RALPH ELLIS
The Atlanta Journal-Constitution
The grassy field is no longer an official Roswell park, but don't tell kids in the Terramont subdivision. They play there every day.
"It's kind of a dog park," parent Jennifer Wagner said. "There's a garden out there, kids ride bikes and play ball."
But Terramont's "park" is endangered. Roswell wants to build a new fire station and the city-owned field is the top choice.
Fire Chief Ricky Spencer said the city started looking for a new site because it needs to shut down Fire Station No. 4 on Holcomb Bridge Road, about three-tenths of a mile east of the subdivision entrance.

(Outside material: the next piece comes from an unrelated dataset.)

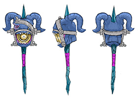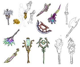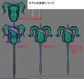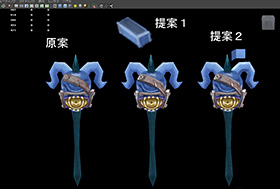 松崎先生のデザイナー研修では、『VALIANT LEGION』に登場する武器をMayaでモデリングすることになりました。「切りの良いところまで進むたびに、私の担当になった2名のデザイナーがデータをチェックして、フィードバックをくださったのです。それが非常に勉強になりました。一見すると形ができているように見えても、そのままゲームに組み込めるかというと、そうではなかったのです」。今回のゲームはスマートフォンでプレイすることが前提のオンラインゲームだったので、ポリゴンの数やテクスチャの解像度を抑えつつ、見栄えの良いモデルをつくる必要がありました。「ここが駄目だ、あそこが駄目だと指摘していただくことで、学生のデータとプロのデータの距離を、身をもって実感することができました。学んだことを、今度は私が学生にフィードバックしていかなければいけません」。

The station is three decades old and in bad shape. A few months ago a truck backing into the station knocked a hole in a wall and revealed a serious termite infestation.
"There was nothing but sawdust in there," Spencer said. "It was eaten up."
Spencer said the station sits on about nine-tenths of an acre. The area is so small trucks must back into the bays, causing traffic slowdowns on busy Holcomb Bridge Road.
The tract beside Terramont is almost three acres, big enough to allow for drive-through truck bays. Spencer estimates a two-story station would cost between $2 million and $2.5 million. He said the city might build a small park or picnic area on the land.
"We want to be neighborhood friendly," he said.
Residents say the field was an actual city park until about eight years ago. Parks director Joe Glover said the park lost its parking lot when Holcomb Bridge Road was widened. The playground equipment became old and unsafe so the city took it out, along with the baseball field fencing, he said.
Only a dusty baseball backstop remains. Glover said the city mows the grass but considers the field "open space," not a park.
Terramont residents hope to talk the city into finding another spot or rebuilding on the current Fire Department site. They say traffic is already bad enough and that the construction noise would be bothersome, not to mention day-to-day life with an active station.
Some neighborhood moms, like Wagner, would like to see the field become a real park. Wagner traded e-mails in 2003 and 2004 with the Parks Department about making repairs and installing equipment, but said little came of it.
Jonathan and Rebecca Alford said they picked their house partly because the field promised quietness.
Now the couple is talking about selling the house.
"It would be a turnoff to me," Rebecca Alford said. "A fire station in your backyard? I don't want it."